Sorry, I still haven’t answered your question…too busy giving you my life story…....we will get there soon, promise……..

In the past, wine has definitely been an accompaniment to an evening or a meal. I can’t think of a wine that has really a catalyst for a dish - I mean, I’m not sure I have ever been to a pub and asked what wine is in the Red Wine Jus….or really cared for that matter. I also don’t see my self as having the most wonderfully refined palate for these things. But the more I have been exposed to wine, wine making, the nuances, the variances of it all and the sheer celebration of this incredible product I have started to really piece together flavours and flavour pairings based on tasting the wine. This has been a conscious effort though - it is a skill you have to learn, train hard at and really focus on. As I have gotten older, I am consciously looking for quality over quantity. My natural curiosity to understand the wine making process more has extended and is constantly moving forwards. I want to understand the natural variances year on year, the weather and climate influences, the various fermentation techniques, how the bottling affects the final product - it's all fascinating. It's a fascination that started with my Hungry Guy journey - meeting local producers, listening to masters of their craft, like yourself, talk passionately about what they do, why they do it and how they do it. And especially listening to the Stories about overcoming the various elements to still produce a great product. Making do with various situations and rolling with the punches, that sort of thing. Its total inspiration and something I think everyone should listen to. It’s the heart and soul of the industry. It’s the artisan producers of the world that will continue to build the highest of standards.

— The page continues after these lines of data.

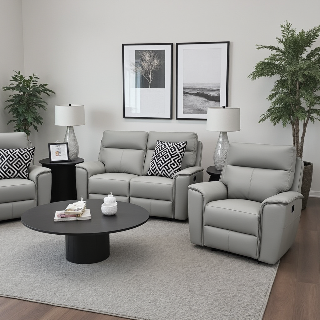 Experience ultimate comfort and luxury with our Liza recliner package. Crafted from 100% premium leather, this 2+1+1 set includes inbuilt recliners in the 2 seater and two separate recliner chairs. Available in a variety of colors, indulge in style and relaxation with our Liza set.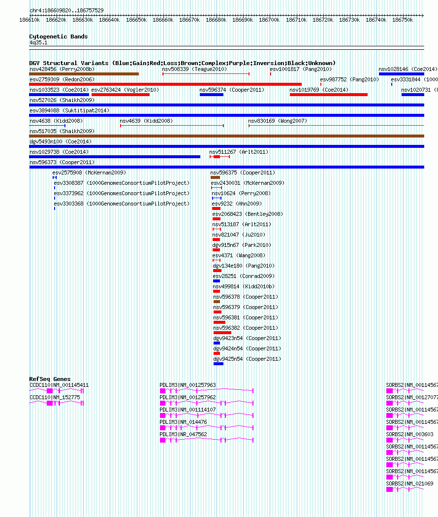 | Variant Type | CNV gain | Copy Number | | Allele State | | Allele Origin | | Probe Count | | Validation Flag | | Merged Status | S | Merged Variants | nsv517035 | Supporting Variants | | Samples | | Known Genes | CCDC110, PDLIM3, SORBS2 | Method | SNP array | Analysis | Sample-level CNVs | Platform | GPL6434 | Comments | | Reference | Shaikh_et_al_2009 | Pubmed ID | 19592680 | Accession Number(s) | nssv687893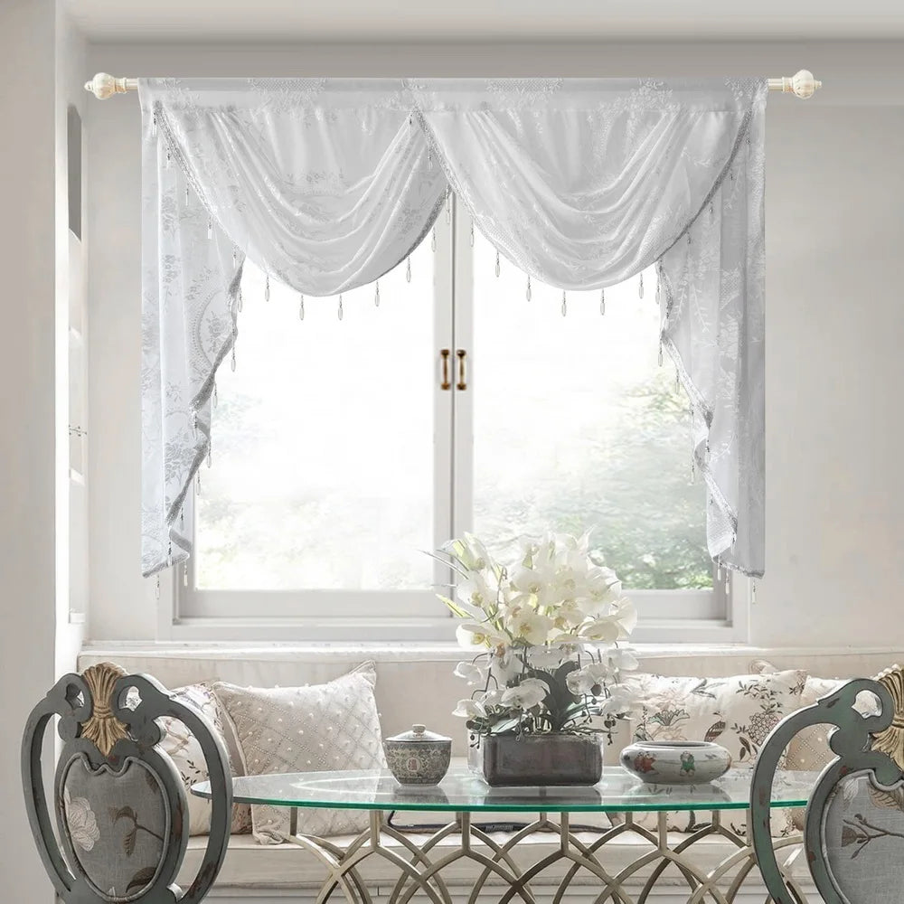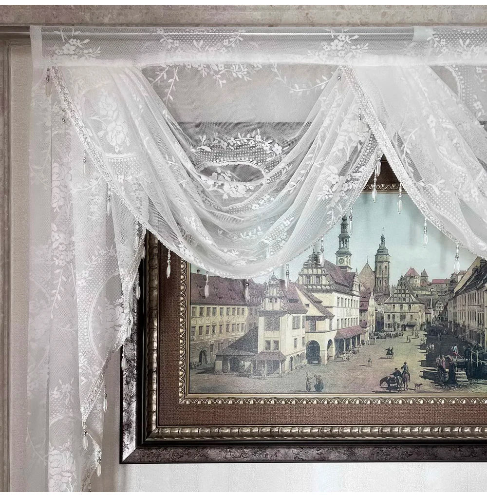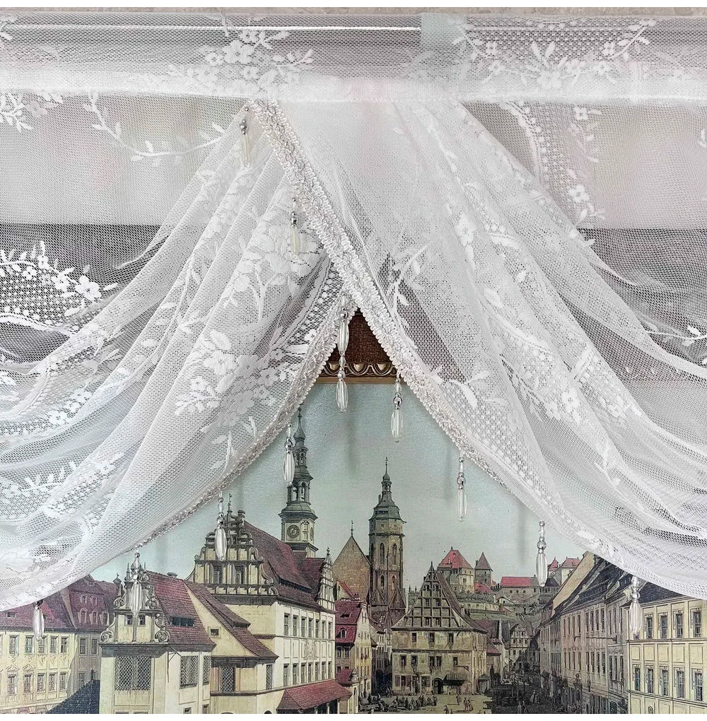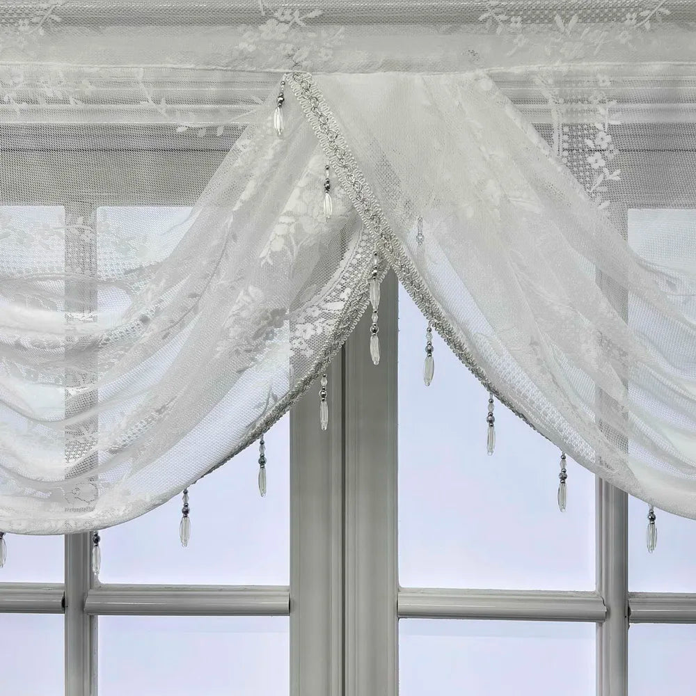 Verwandeln Sie Ihr Wohnzimmer in einen Zufluchtsort voller Luxus und Eleganz mit unserer weissen Spitzen-Scheibengardine. Zart gestaltet mit bestickten Blumenperlen, verleiht sie jedem französischen Fenster einen Hauch von Raffinesse.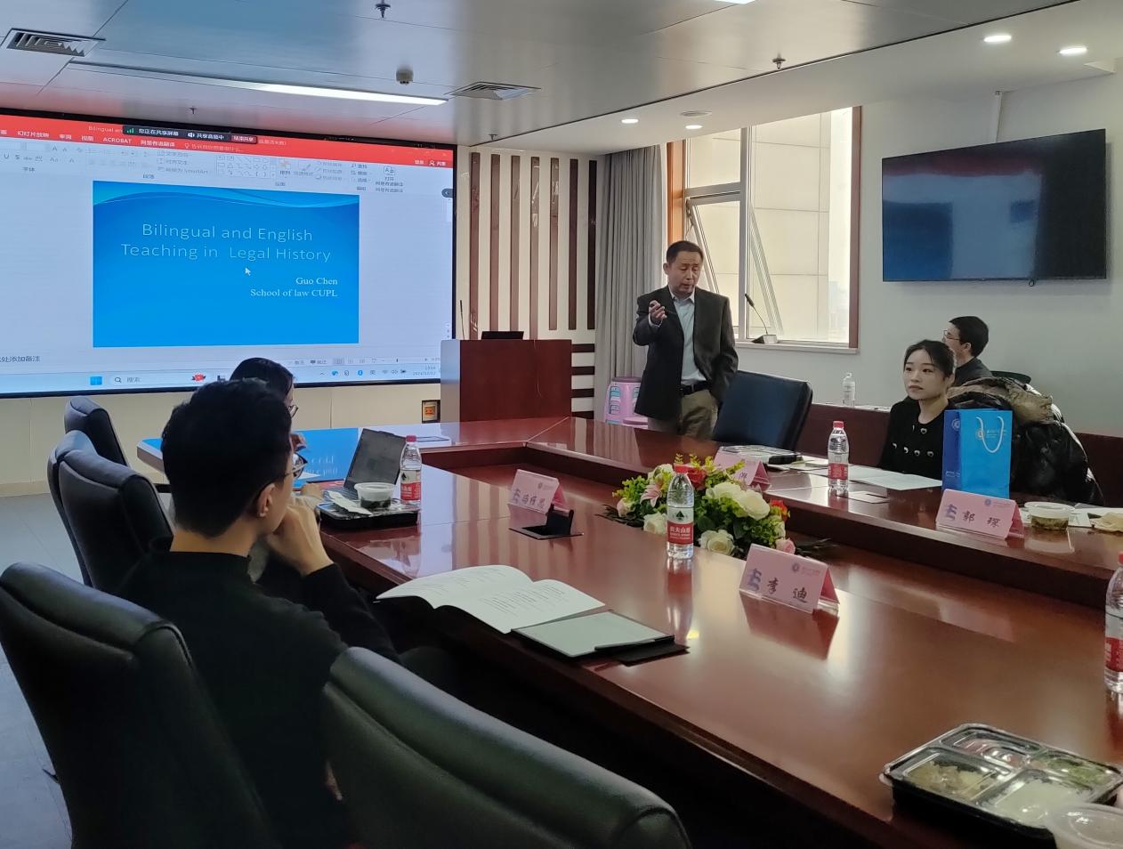 中国政法大学郭琛教授就法律史课程的英语教学问题发表了看法。郭琛老师认为,在法律史的英语教学中,要讲好法律史课程,需抓好两个方面,即知识和文化,这就需要对法律史内容的精准翻译,在翻译中既要让读者看得懂,又要将各国独特的法律文化恰如其分地表达出来。此外,郭琛老师还向大家推荐了两本外国法制史经典教材,一本是Law and Jurisprudence in American History 5th ed. 2003,另一本是『ヨーロッパ史のなかの裁判事例:ケースから学ぶ西洋法制史』2014ミネルヴァ書房。

So the answer to your question is……yeah!

PP - I’m a big believer in ‘wine moments’. Beer has advertised itself so well around the evocative idea of that thirst-quenching first drink after work but wine seems to struggle to capture the imagination in the same way. When are you most excited to reach for a glass of wine? What’s the moment when only a glass of wine will do?

SG - As I mentioned in my life story above (congratulations to any readers who made it through that and deepest apologies to you if I have lost you some engagement there, Tom!)……..

…the enjoyment of just a simple glass on wine has come quite late in life and I look at my relationship with wine with fondness. It brings a smile to my face. Whether it’s with home cooked food, out for dinner in a local pub or restaurant, going to a wine bar or simply sat in front of the telly with a glass - it holds so much weight for me.

For me, I’m most excited about wine when I am with my wife. We have a joint appreciation for it. I think our wine journey has been pretty similar (basically drinking enough terrible and great wines to really appreciate what we do and don’t like). It’s something we find exciting to try together and something we both get excited about introducing each other to. Whenever I taste that first sip of a delicious wine, it is always my wife who I think of first and immediately want to pass the glass to enthusiastically - hoping that she will love it as much as I do. If she isn’t with me, I note down the name, so I can surprise her with it at some point. Its just about sharing the joy.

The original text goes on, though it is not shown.